Выходить замуж в садах нежно-розовых роз отеля «Августин Пуэнт» в Хамптонсе не лучший вариант, но именно там поженились родители моего жениха и их родители до них. Дориан убедил меня, что идти вразрез традиции Хоторнов было бы плохой приметой, и я поверила ему, будучи совсем не суеверной.
— Налить ещё? — Бармен указывает на мой пустой бокал. Я проверяю время на телефоне и мысленно рассчитываю, что мне нужно проснуться в восемь часов, но знаю, что если сейчас вернусь в свой номер, то потрачу следующие пару часов, ворочаясь от бессонницы.
— Ещё один, — отвечаю я.
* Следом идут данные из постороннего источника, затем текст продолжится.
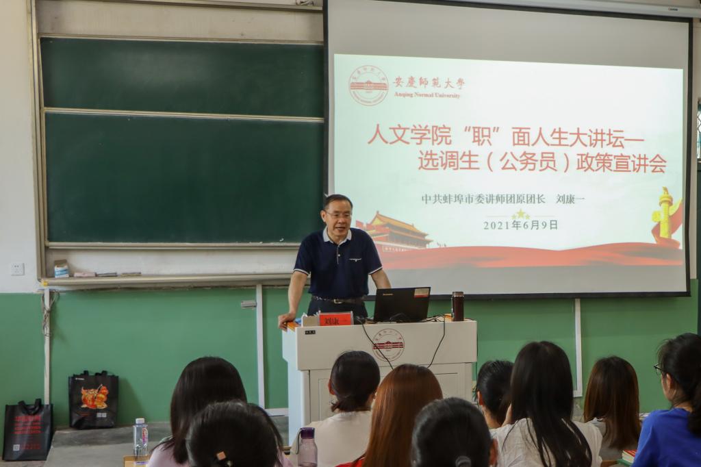 6月9日下午,英国365集团公司“职”面人生第七期——“选调生(公务员)政策宣讲会”在菱湖校区理二阶教室举办,中共蚌埠市委讲师团原团长,安徽省委下基层宣讲团成员刘康一到校宣讲。学院2018级本科生、研究生党员及入党积极分子100余人次参加宣讲会。

Я торчу тут, но только потому, что едва чувствую эффект алкоголя, и отчаянно нуждаюсь в чем-то для снятия напряжения.
Почти уверена, что оставшуюся часть свадебной вечеринки, включая жениха, все проспят в своих номерах. Я не осмелюсь разбудить любого из них. Они святые, которые заслуживают хорошего сна после всего, что пережили на этой неделе (и всего, что ещё не пережили).
Мои будущие родственники не были довольны традиционным субботним торжеством.
Нет, нет. Этого было недостаточно для Бриггс и Мэриэль Эстор-Хоторн.
Это должно быть недельное торжество. Ужины. Вечеринки. Репетиции. Всё это ведёт к завтрашней многомиллионной свадьбе и приводит к удовлетворительному выводу со званым полдником воскресным утром с избранными гостями, наблюдающими за нами, открывающими подарки и изображающими чрезмерный восторг.
Я всегда ненавидела быть в центре внимания, именно поэтому не могу перестать думать, боюсь ли я ближайших нескольких дней, потому что буду в центре внимания, или мой страх как-то связан с тем фактом, что я становлюсь частью одной из богатейших семей в Америке, и в момент, когда моя фамилия изменится с Перетти на Хоторн, моя жизнь больше никогда не будет прежней.
Бармен меняет мой пустой бокал на полный и подталкивает его ближе.
— Спасибо. — Я слегка киваю ему, прежде чем сделать глоток. Этот более крепкий. Я не знаю его имени, но он понимает меня, и я ценю его за это.
Две стопки спустя, мужчина в серых брюках и кремовом кашемировом свитере заполняет моё периферийное зрение. Я бросаю взгляд, молясь, что это незнакомец, а не свадебный гость, и выдыхаю слегка облегченно, когда точеные черты лица великолепного джентльмена не выглядят знакомо. Впрочем, семьсот человек придёт на эту свадьбу, пятьсот пятьдесят из них гости жениха. Он вполне мог быть гостем, и я бы даже не знала этого.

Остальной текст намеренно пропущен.